Korean Yellowfin Tuna

This Korean Yellowfin Tuna will knock your socks off. When I think of tuna, I think of sushi/poke, tuna salad, or a wasabi crusted one from a fancy restaurant. Now these are all delicious, but I wanted something new. I wanted something that everyone would like. Some people don’t like raw fish, which scraps sushi and poke. Some people don’t like tuna salad because of the consistency. And some people don’t like the bold flavor of wasabi. So *poof*… I made a recipe that the whole table will love. 

This recipe is equal parts flavorful and delicious. The times can easily be adjusted to cook the fish to be more rare or well done. This recipe is really fool proof. And if your little one’s don’t like broccoli, use something they do like. This is one of the easiest recipes I have that even your pickiest eater will love.

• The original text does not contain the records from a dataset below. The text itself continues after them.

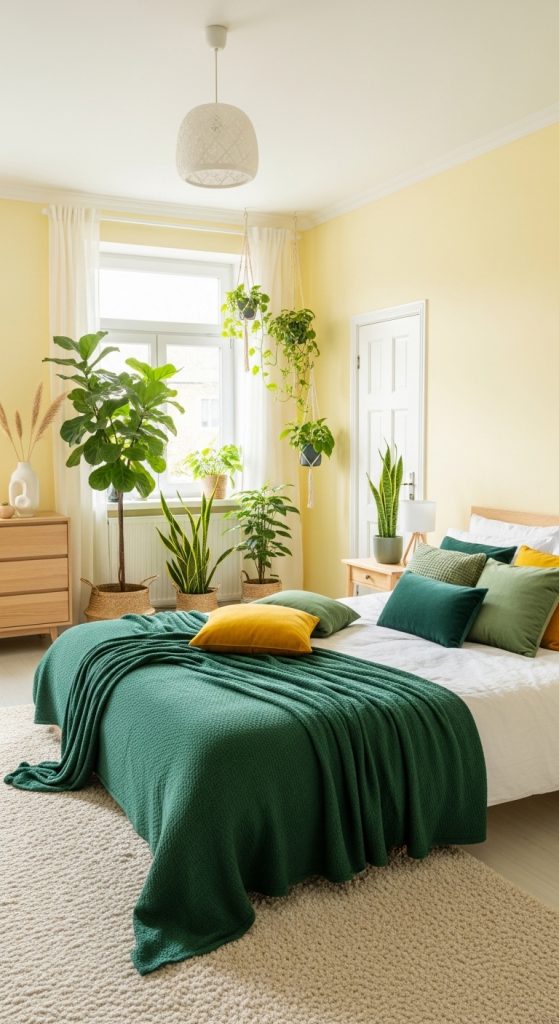 Pastel yellow walls create a soft, airy backdrop that pairs beautifully with rich emerald green accessories. Use green throw blankets, cushions, or even an emerald rug to add elegance without overwhelming the room. Wooden furniture in light tones complements this palette perfectly, creating a balanced, harmonious design. Accent the space with indoor plants for a natural, vibrant feel.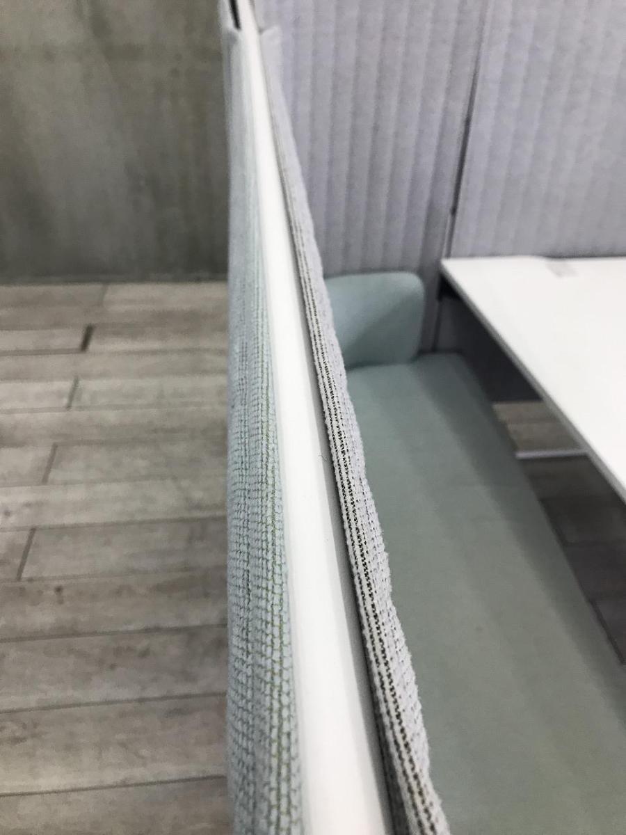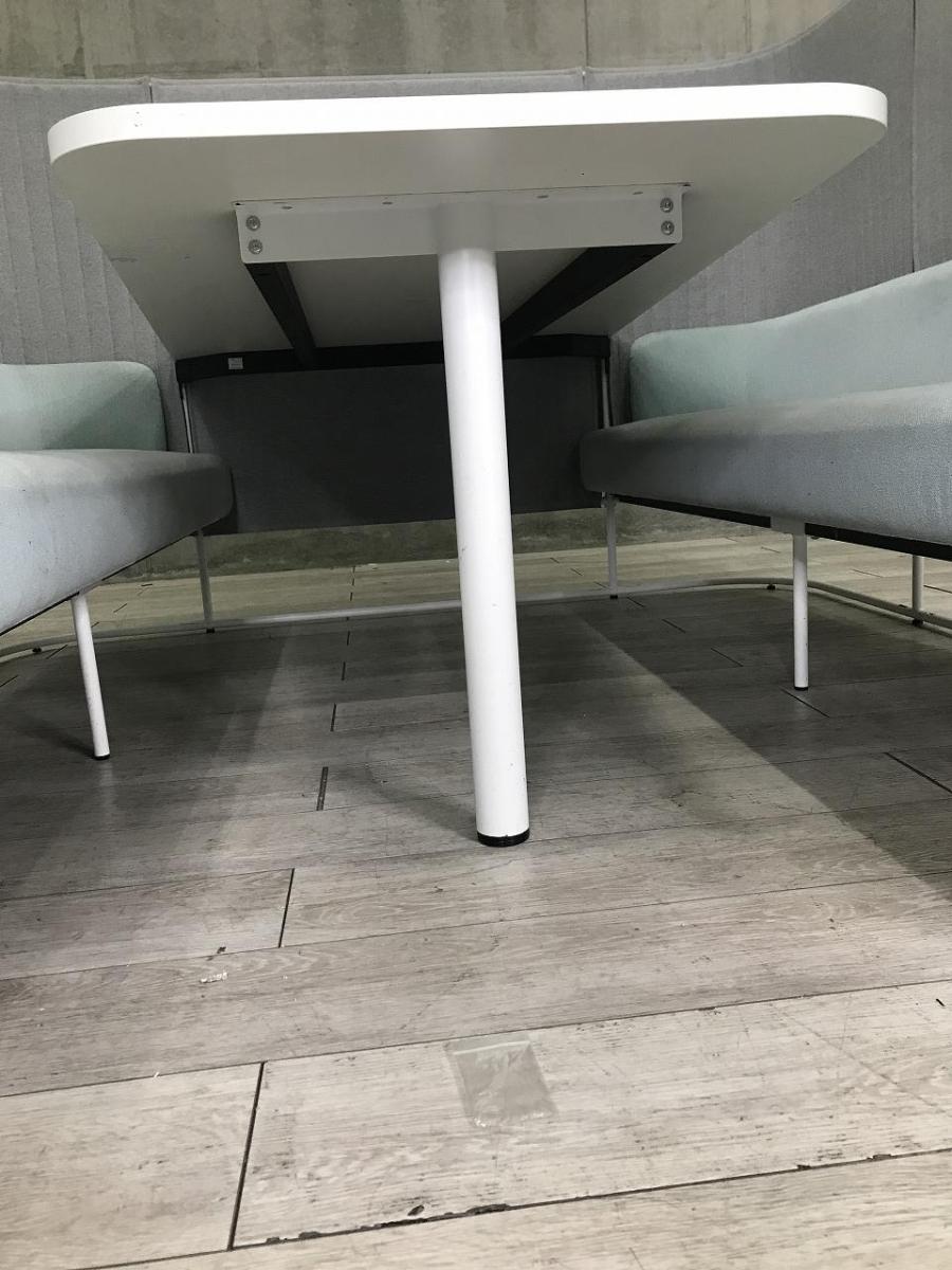 【壁やパーテーションで完全に仕切らずにゆったりと囲った6人用のセミクローズド空間!】■コクヨ(KOKUYO)製 インフレームシリーズ 6人用ファミレスブース仕様 ■外側・ソファー/ ライトブルー × 内側/ ライトグレー × ホワイト脚 ■天板 ホワイト 【ABW商材】【関東倉庫在庫品】【弊社使用欄:A01042931】- 全店共通商品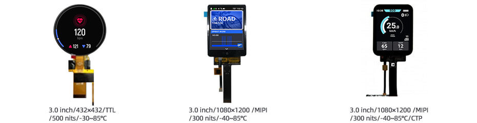 3 Inch Wide Temperature LCD Display 432×432 TTL -30°C to 85°C High Brightness 500nits TFT LCD Display.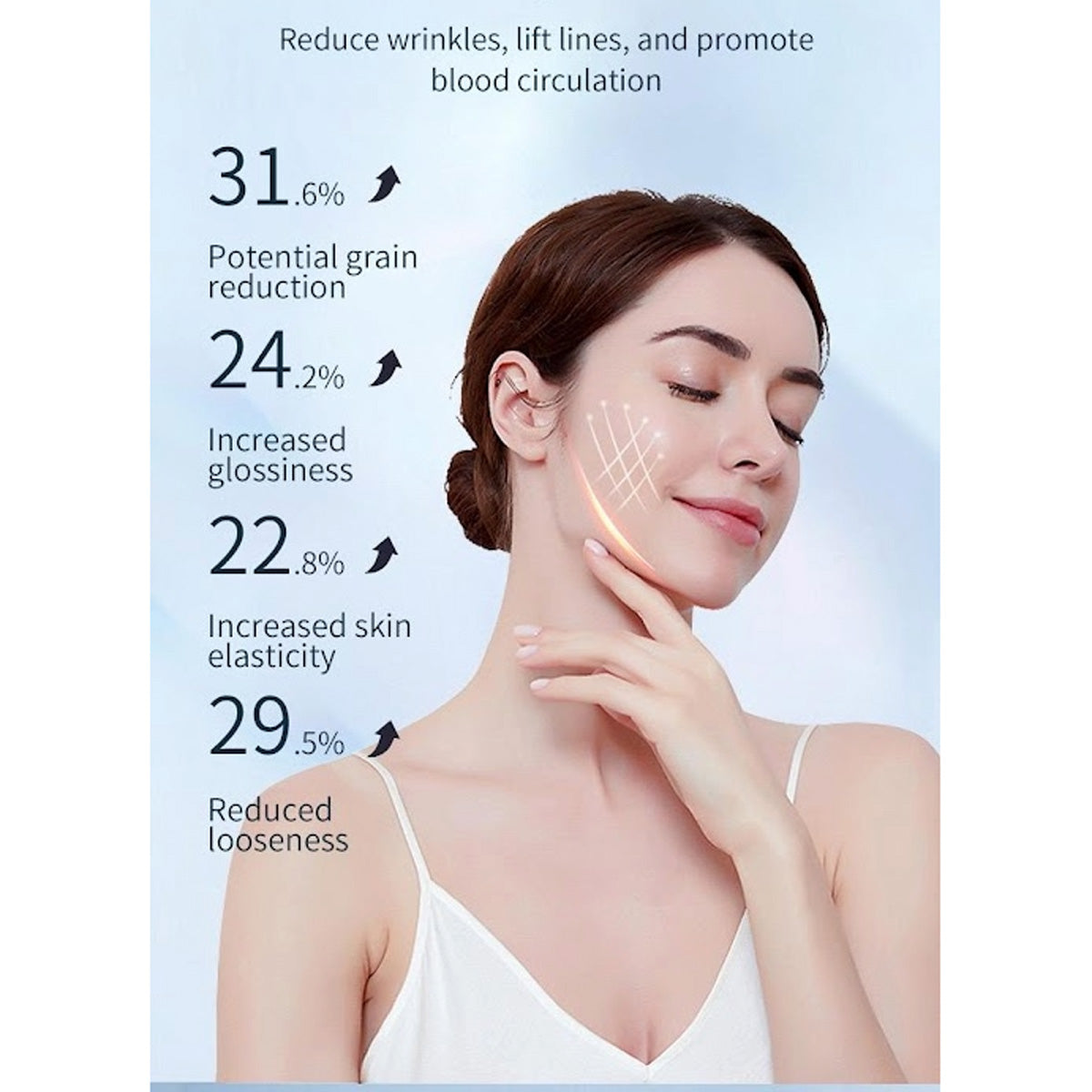 - Microcurrent technology supports collagen and elastin production
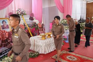 ร่วมพิธีฌาปนกิจศพ คุณแม่สคราญ โรจนรัตน์ มารดาของ ร.ต.อ.หญิง ศิริพร ปานทุ่ม รอง สว.ฝอ.ภ.จว.พัทลุง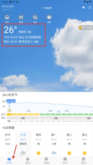 打开综合类应用后,进入天气页面查看东城区的天气状况,能看到当前温度为26°、西南风1级等相关信息。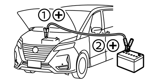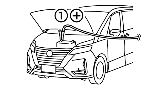 手順3で接続したケーブルの反対側(2)を救援車の12Vバッテリーの⊕端子に接続します。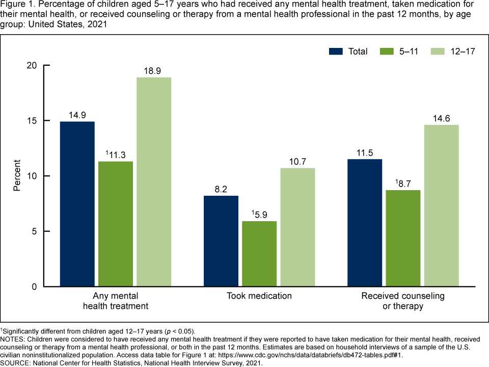 Zablotsky B, Ng AE. Mental health treatment among children aged 5–17 years: United States, 2021. NCHS Data Brief, no 472. Hyattsville, MD: National Center for Health Statistics. 2023. DOI: https://dx.doi.org/10.15620/cdc:128144.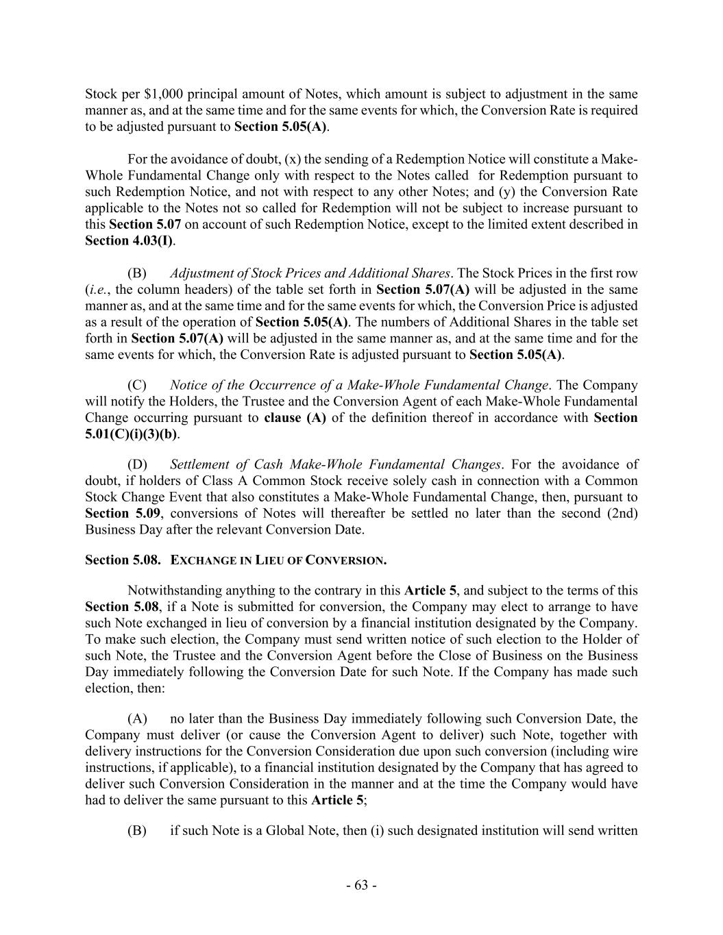 - 63 - Stock per $1,000 principal amount of Notes, which amount is subject to adjustment in the same manner as, and at the same time and for the same events for which, the Conversion Rate is required to be adjusted pursuant to Section 5.05(A). For the avoidance of doubt, (x) the sending of a Redemption Notice will constitute a Make- Whole Fundamental Change only with respect to the Notes called for Redemption pursuant to such Redemption Notice, and not with respect to any other Notes; and (y) the Conversion Rate applicable to the Notes not so called for Redemption will not be subject to increase pursuant to this Section 5.07 on account of such Redemption Notice, except to the limited extent described in Section 4.03(I). (B) Adjustment of Stock Prices and Additional Shares. The Stock Prices in the first row (i.e., the column headers) of the table set forth in Section 5.07(A) will be adjusted in the same manner as, and at the same time and for the same events for which, the Conversion Price is adjusted as a result of the operation of Section 5.05(A). The numbers of Additional Shares in the table set forth in Section 5.07(A) will be adjusted in the same manner as, and at the same time and for the same events for which, the Conversion Rate is adjusted pursuant to Section 5.05(A). (C) Notice of the Occurrence of a Make-Whole Fundamental Change. The Company will notify the Holders, the Trustee and the Conversion Agent of each Make-Whole Fundamental Change occurring pursuant to clause (A) of the definition thereof in accordance with Section 5.01(C)(i)(3)(b). (D) Settlement of Cash Make-Whole Fundamental Changes. For the avoidance of doubt, if holders of Class A Common Stock receive solely cash in connection with a Common Stock Change Event that also constitutes a Make-Whole Fundamental Change, then, pursuant to Section 5.09, conversions of Notes will thereafter be settled no later than the second (2nd) Business Day after the relevant Conversion Date. Section 5.08. EXCHANGE IN LIEU OF CONVERSION. Notwithstanding anything to the contrary in this Article 5, and subject to the terms of this Section 5.08, if a Note is submitted for conversion, the Company may elect to arrange to have such Note exchanged in lieu of conversion by a financial institution designated by the Company. To make such election, the Company must send written notice of such election to the Holder of such Note, the Trustee and the Conversion Agent before the Close of Business on the Business Day immediately following the Conversion Date for such Note. If the Company has made such election, then: (A) no later than the Business Day immediately following such Conversion Date, the Company must deliver (or cause the Conversion Agent to deliver) such Note, together with delivery instructions for the Conversion Consideration due upon such conversion (including wire instructions, if applicable), to a financial institution designated by the Company that has agreed to deliver such Conversion Consideration in the manner and at the time the Company would have had to deliver the same pursuant to this Article 5; (B) if such Note is a Global Note, then (i) such designated institution will send written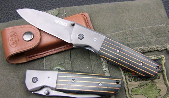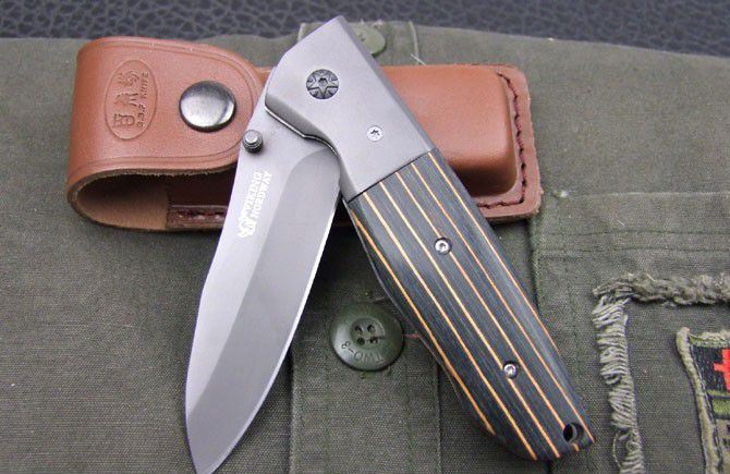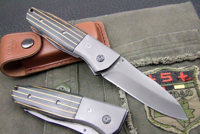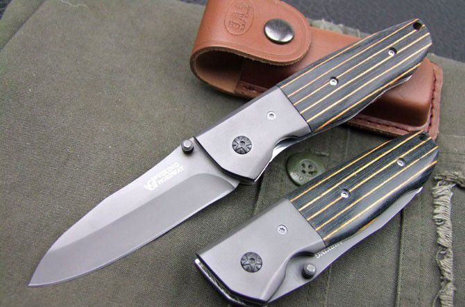 蝴蝶BANCHMADE958战术折刀 全长:20.8cm 刃长:8.7cm 刃厚:2.8mm 刃材:440C 硬度:58HRC 表面:钛离子 柄材:米卡塔 净重:169g 锁定:线锁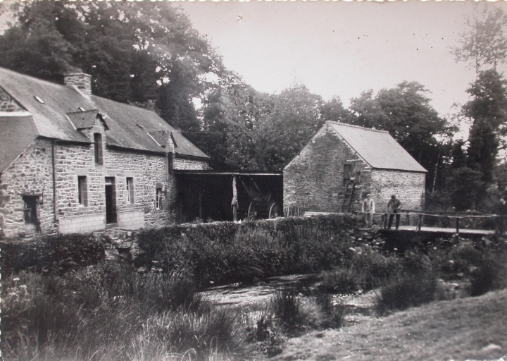 Photographie du début du 20e siècle : le logement du meunier, le moulin et l'écurie.Immatriculation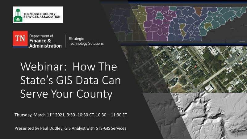 The State of Tennessee will be hosting a webinar on March 11, 2021 at 10:30 am on how to leverage the State's growing set of GIS data and services. The webinar, entitled "How the State's GIS Data Can Serve Your County", is promoted by the Tennessee County Services Association and will be presented by Mr. Paul Dudley, and the Dept. of Finance's Strategic Technology Solutions (STS) office.
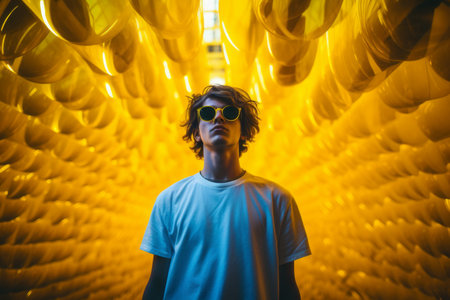 a man in sunglasses standing in front of yellow balloons

Tuna is a flaky mild fish. Combined with gochujang and the other flavors it takes on a profile that is so delicious it will leave you craving more!  

My little family of two had a ton of leftovers as well. Comeback soon for a good leftover recipe using this yummy fish!

Korean Yellowfin Tuna

This Korean Yellowfin Tuna is so flavorful and delicious!
Prep Time5 minutes
Cook Time45 minutes
Total Time50 minutes
Course: Dinner, Fish
Cuisine: American, Asian, Korean
Keyword: American, Asian, Fish, Korean, Tuna, Yellowfin
Servings: 6 people
Author: Sophie May



  • 1 lb yellowfin tuna Cut into small portion sized steaks
  • 1 shallot sliced


  • 1/2 T minced garlic
  • 2 T brown sugar
  • 3 tsps sesame seeds
  • 1.5 T low sodium soy sauce
  • 2 T gochujang
  • 1 T sesame oil
  • 1 tsp onion powder
  • 1/2 tsp paprika
  • 1 tsp red pepper flakes
  • salt to taste
  • pepper to taste

Veggie Side

  • 2-3 C any veggies you have I use broccoli, carrots, snap peas, etc. They can be fresh or frozen
  • 2 T sesame oil
  • 1 T low sodium soy sauce
  • 1 tsp garlic powder
  • salt to taste
  • pepper to taste

Serve with

  • cooked rice I cook mine with an extra tsp rice vinegar and tsp sesame oil
  • green onions chopped
  • sesame seeds


  • Adjust racks in your oven so one is in the middle and one is near broilers (top).
  • Heat oven to 375°F.
  • In a gallon bag, combine all of the sauce ingredients until well mixed. Add tuna and shallot and shake in the bag (MAKE SURE IT IS SEALED). Once the fish is well coated, set aside and let it marinate while your veggies cook.
  • On a foil lined baking sheet, toss your veggies with oil, soy sauce, garlic powder, salt, and pepper.
  • Cook for 15-25 minutes on middle shelf. If you like your tuna more raw, cook your veggies longer to ensure they get nice and crispy.
  • Once the veggies are nice and tender (more crisp if cooking tuna for less time), remove the pan and toss the veggies. Make space for the fish fillets and place them flat on the tray. Coat the tops with remaining marinade and sliced shallots.
  • Bake for 10-20 minutes. Check periodically to ensure you do not over cook the tuna. I like mine more medium versus my husband. I remove his steaks before mine.
  • To get a nice blackened crisp, set oven to HI broil and cook for 2-3 minutes. This will give your veggies a nice crisp and the outside of your tuna a nice texture.
  • Serve with rice, green onions and extra sesame seeds if desired! ENJOY!